Almost every company I speak to on a daily basis has some sort of data lake. One thing we can thank from Hadoop was companies changed their landing/staging/raw zones to their data lakes and from there, some of it goes to a data warehouse.
In reading the new report on data lakes and lakehouses from GigaOm, I was excited to see companies like ours and others continuing to innovate around providing value from a lake vs. copying the data to a data warehouse.
Much of my job lately has been around educating companies on the hidden value their data lake can provide while serving up most of their analytical use cases. There is still a lot of work to do and from my experience, there are 4 things that companies are hesitant about using their data lakes to provide a majority of their analytics:
- The state of the data – surprisingly, many companies I talk to don’t understand a data lake can be structured similarly to a data warehouse. Tables and different layers/zones can be built and they can be queried and joined together with any BI tool. I often hear that my data lake is a mess and I don’t trust it.
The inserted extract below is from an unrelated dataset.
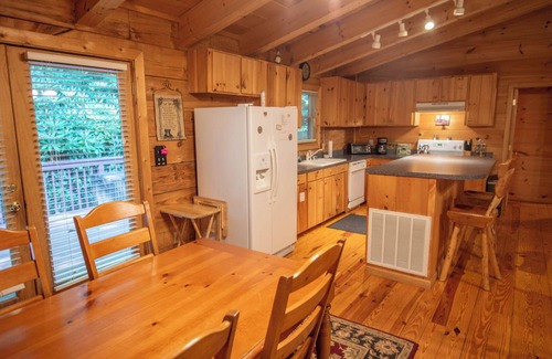 Bear's Den is a true log cabin, with wood walls and beamed ceilings. Its inviting open floorplan facilitates entertainment and family togetherness. You'll love the leather furniture, large stone fireplace and well-equipped kitchen, designed to make you feel at home. Off the great room you'll find two spacious bedroom suites, with queen-size beds and their own bathrooms. Each bath offers a Jacuzzi soaking tub and separate walk-in shower.

- Performance – Hadoop brought this mindset that only data scientists running multi-terabyte queries would benefit from a data lake. With the advancements in networking, hardware, and storage, this is no longer the case. Most vendors incorporate a fast indexing type layer to speed up queries when object storage cannot meet the SLA.
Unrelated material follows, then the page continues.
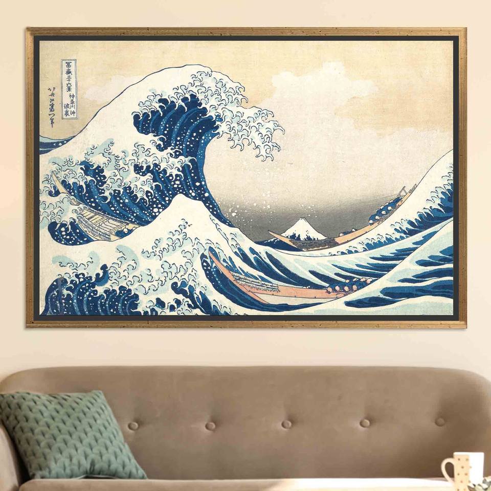 Hokusai Sea Landscape Canvas Print - Rough Sea Artwork,GOLD FRAMED CANVAS

- Security – Many vendors on this list including Starburst offer the same if not better security across a data lake compared to legacy data warehouse solutions. It’s considered table stakes at this point to include access control down to the table column level.
- Modifying data – Many companies realized they were in a bad spot when GDPR became a reality and they had no way to delete customers from their data lakes. With the introduction of table formats such as Apache Iceberg and Delta Lake, this is now possible as well as updates and merges.
As we see from the report, the features and abilities of the different data lake vendors are converging and have become almost equal to a data warehouse. Data lakes are transforming from swamps into very well-structured architectures with the ability to handle a wide range of use cases from large multi-terabyte queries to seconds and even sub-seconds.
The diagram below illustrates what most companies perceive as a common data flow and use cases between a data lake and a warehouse:
This report shows more and more companies are choosing to serve up their analytics using data stored in a single location due to the simplicities and cost savings:
I presented these same ideas in a dbt coalesce presentation which can be found here and slides here. This talk covers the misconceptions of data lakes and an open, multi-engine approach which differs from some of the vendors in this report.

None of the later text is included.